*** Material for the task Section Begins ***

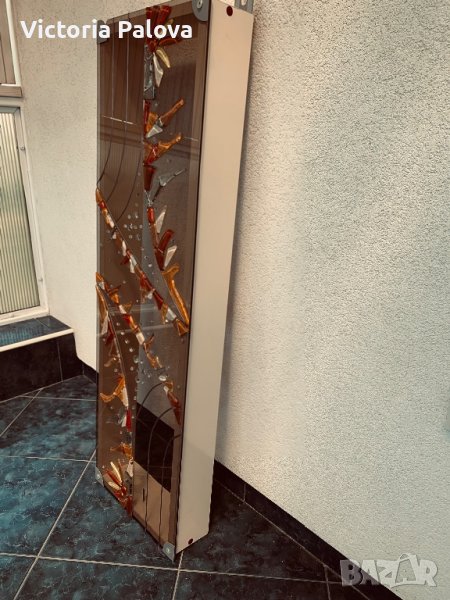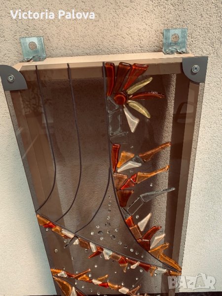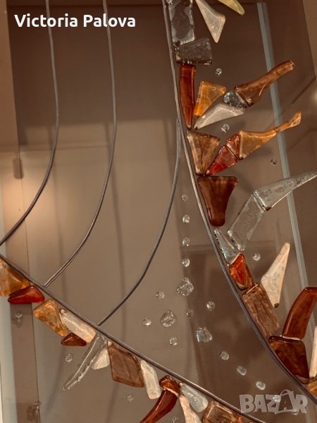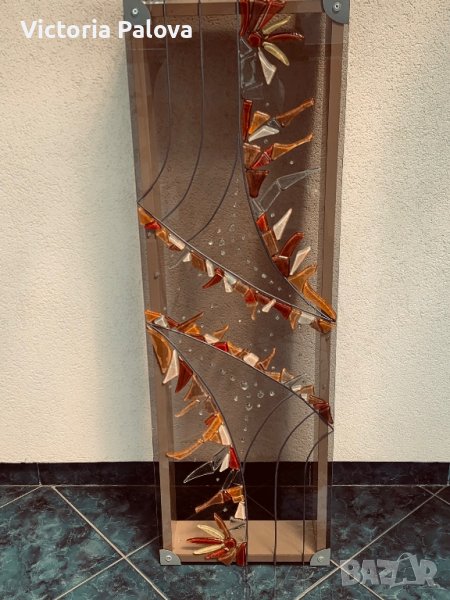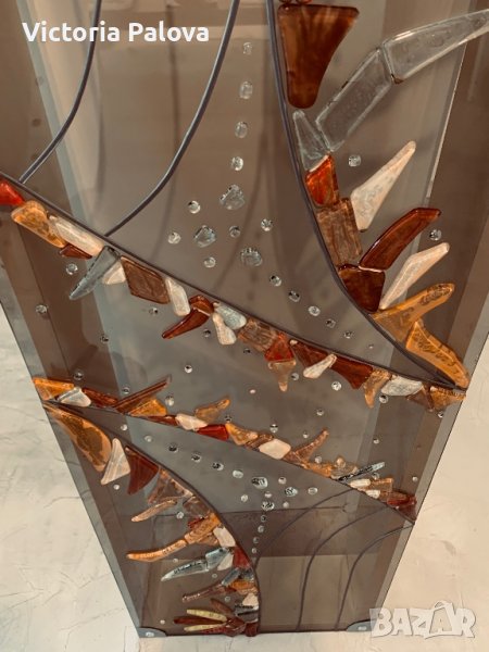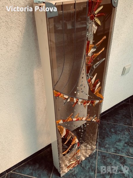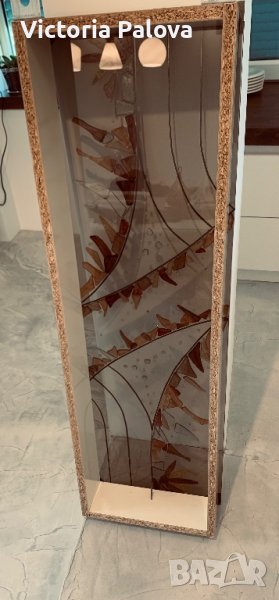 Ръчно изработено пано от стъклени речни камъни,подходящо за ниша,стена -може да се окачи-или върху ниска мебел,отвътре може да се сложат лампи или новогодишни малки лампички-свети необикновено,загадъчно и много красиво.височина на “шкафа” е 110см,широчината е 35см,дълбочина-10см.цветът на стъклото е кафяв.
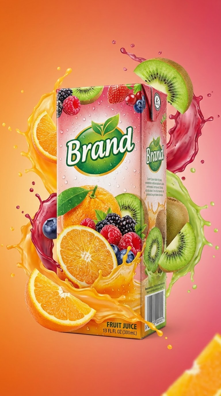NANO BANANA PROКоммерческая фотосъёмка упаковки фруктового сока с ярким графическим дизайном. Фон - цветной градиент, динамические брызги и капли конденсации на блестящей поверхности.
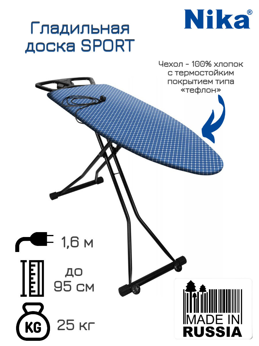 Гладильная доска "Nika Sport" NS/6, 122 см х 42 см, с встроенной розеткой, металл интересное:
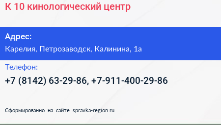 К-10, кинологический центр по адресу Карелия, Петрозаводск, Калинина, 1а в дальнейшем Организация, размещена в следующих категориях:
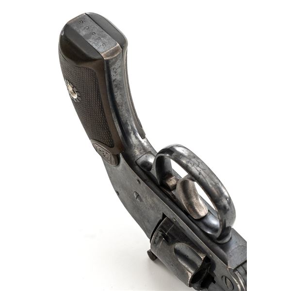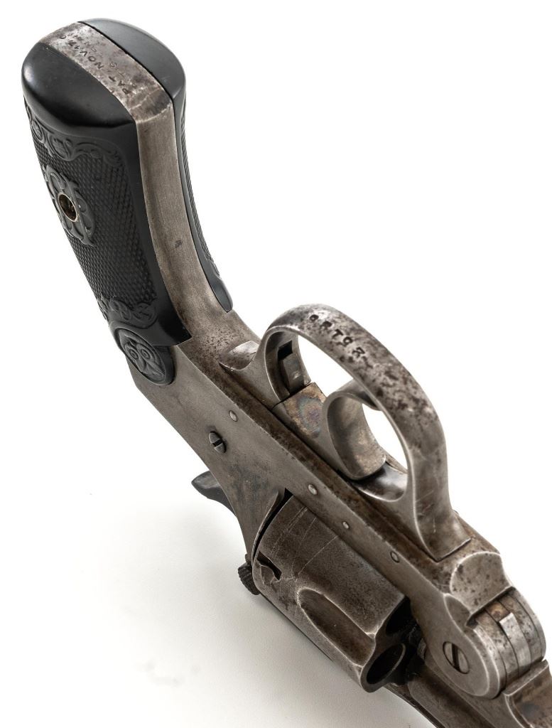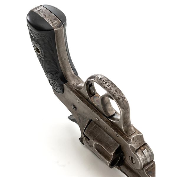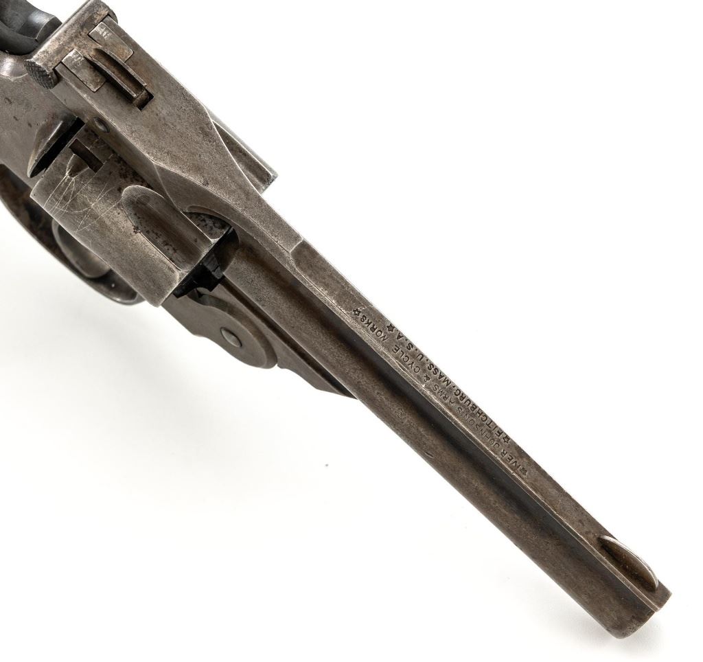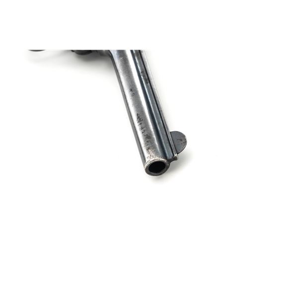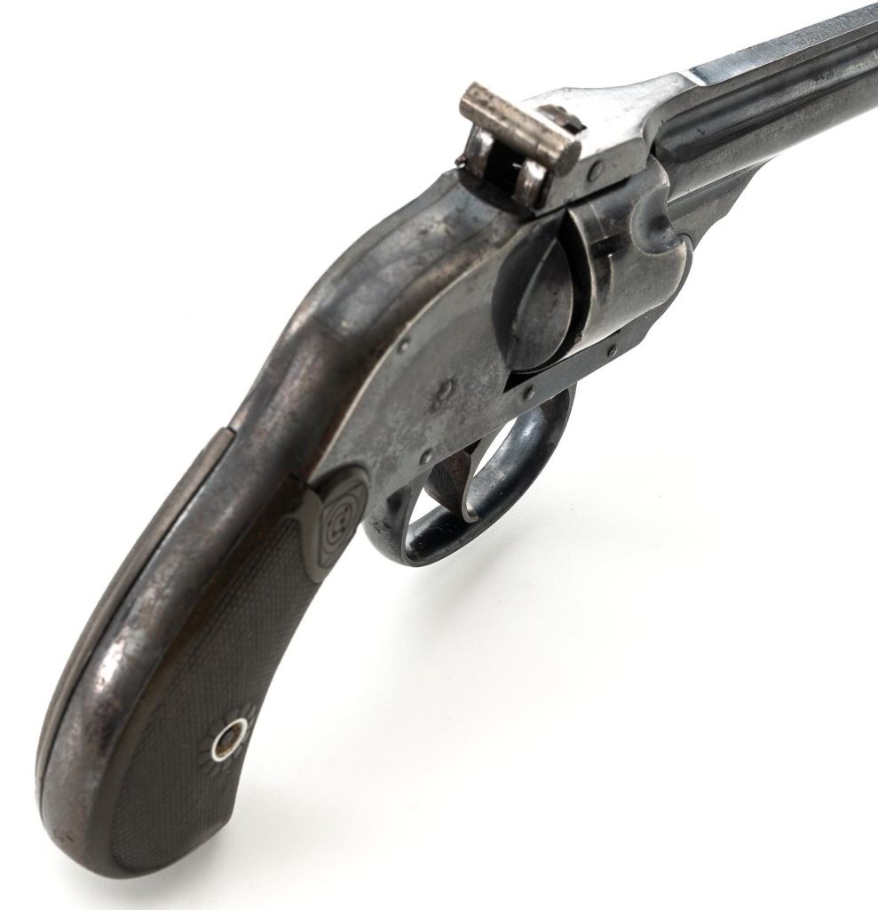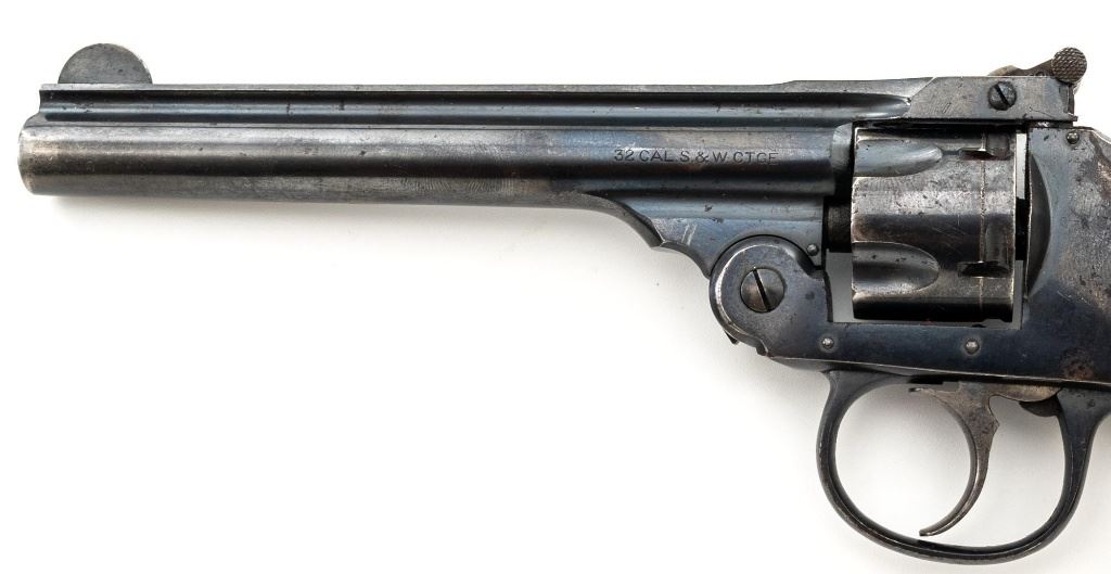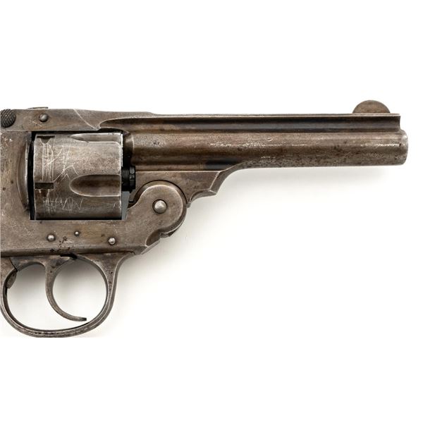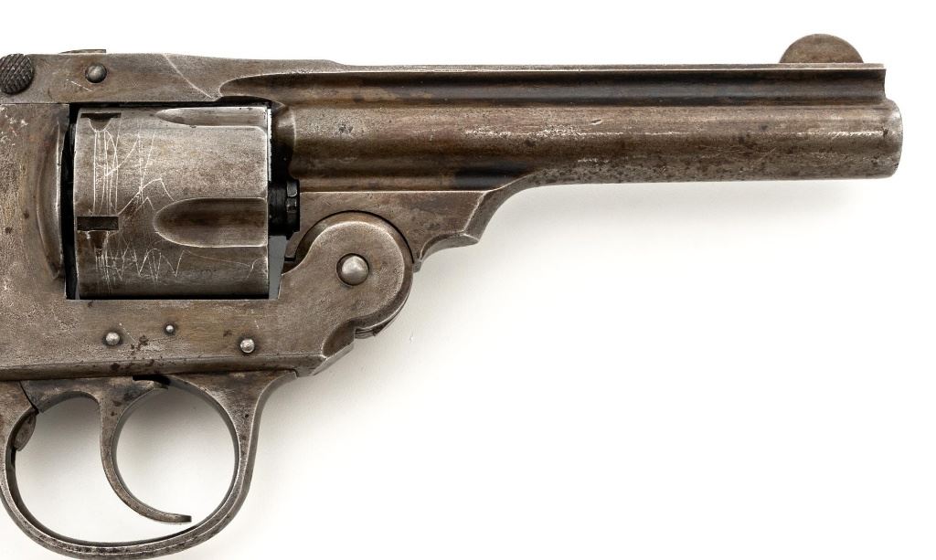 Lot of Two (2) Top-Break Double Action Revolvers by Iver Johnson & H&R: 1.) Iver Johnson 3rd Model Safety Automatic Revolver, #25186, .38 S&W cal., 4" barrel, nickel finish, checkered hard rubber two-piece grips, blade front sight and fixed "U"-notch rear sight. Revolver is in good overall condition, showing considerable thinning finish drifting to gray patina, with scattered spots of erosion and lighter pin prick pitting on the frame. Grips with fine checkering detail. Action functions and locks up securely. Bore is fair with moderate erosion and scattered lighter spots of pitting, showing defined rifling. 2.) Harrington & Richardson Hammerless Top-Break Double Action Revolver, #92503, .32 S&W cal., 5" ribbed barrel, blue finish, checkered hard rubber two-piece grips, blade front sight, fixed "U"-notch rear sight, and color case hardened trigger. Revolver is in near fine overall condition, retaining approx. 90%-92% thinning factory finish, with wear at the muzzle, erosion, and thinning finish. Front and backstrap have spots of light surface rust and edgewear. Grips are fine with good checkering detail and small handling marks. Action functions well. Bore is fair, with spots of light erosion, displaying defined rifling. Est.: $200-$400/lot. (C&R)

*** Material for the task Section Ends ***

● Task to complete: The expected output is every entry above, character for character, with no pictures.

● Response area:
 Ръчно изработено пано от стъклени речни камъни,подходящо за ниша,стена -може да се окачи-или върху ниска мебел,отвътре може да се сложат лампи или новогодишни малки лампички-свети необикновено,загадъчно и много красиво.височина на “шкафа” е 110см,широчината е 35см,дълбочина-10см.цветът на стъклото е кафяв.
NANO BANANA PROКоммерческая фотосъёмка упаковки фруктового сока с ярким графическим дизайном. Фон - цветной градиент, динамические брызги и капли конденсации на блестящей поверхности.
 Гладильная доска "Nika Sport" NS/6, 122 см х 42 см, с встроенной розеткой, металл интересное:
 К-10, кинологический центр по адресу Карелия, Петрозаводск, Калинина, 1а в дальнейшем Организация, размещена в следующих категориях:
 Lot of Two (2) Top-Break Double Action Revolvers by Iver Johnson & H&R: 1.) Iver Johnson 3rd Model Safety Automatic Revolver, #25186, .38 S&W cal., 4" barrel, nickel finish, checkered hard rubber two-piece grips, blade front sight and fixed "U"-notch rear sight. Revolver is in good overall condition, showing considerable thinning finish drifting to gray patina, with scattered spots of erosion and lighter pin prick pitting on the frame. Grips with fine checkering detail. Action functions and locks up securely. Bore is fair with moderate erosion and scattered lighter spots of pitting, showing defined rifling. 2.) Harrington & Richardson Hammerless Top-Break Double Action Revolver, #92503, .32 S&W cal., 5" ribbed barrel, blue finish, checkered hard rubber two-piece grips, blade front sight, fixed "U"-notch rear sight, and color case hardened trigger. Revolver is in near fine overall condition, retaining approx. 90%-92% thinning factory finish, with wear at the muzzle, erosion, and thinning finish. Front and backstrap have spots of light surface rust and edgewear. Grips are fine with good checkering detail and small handling marks. Action functions well. Bore is fair, with spots of light erosion, displaying defined rifling. Est.: $200-$400/lot. (C&R)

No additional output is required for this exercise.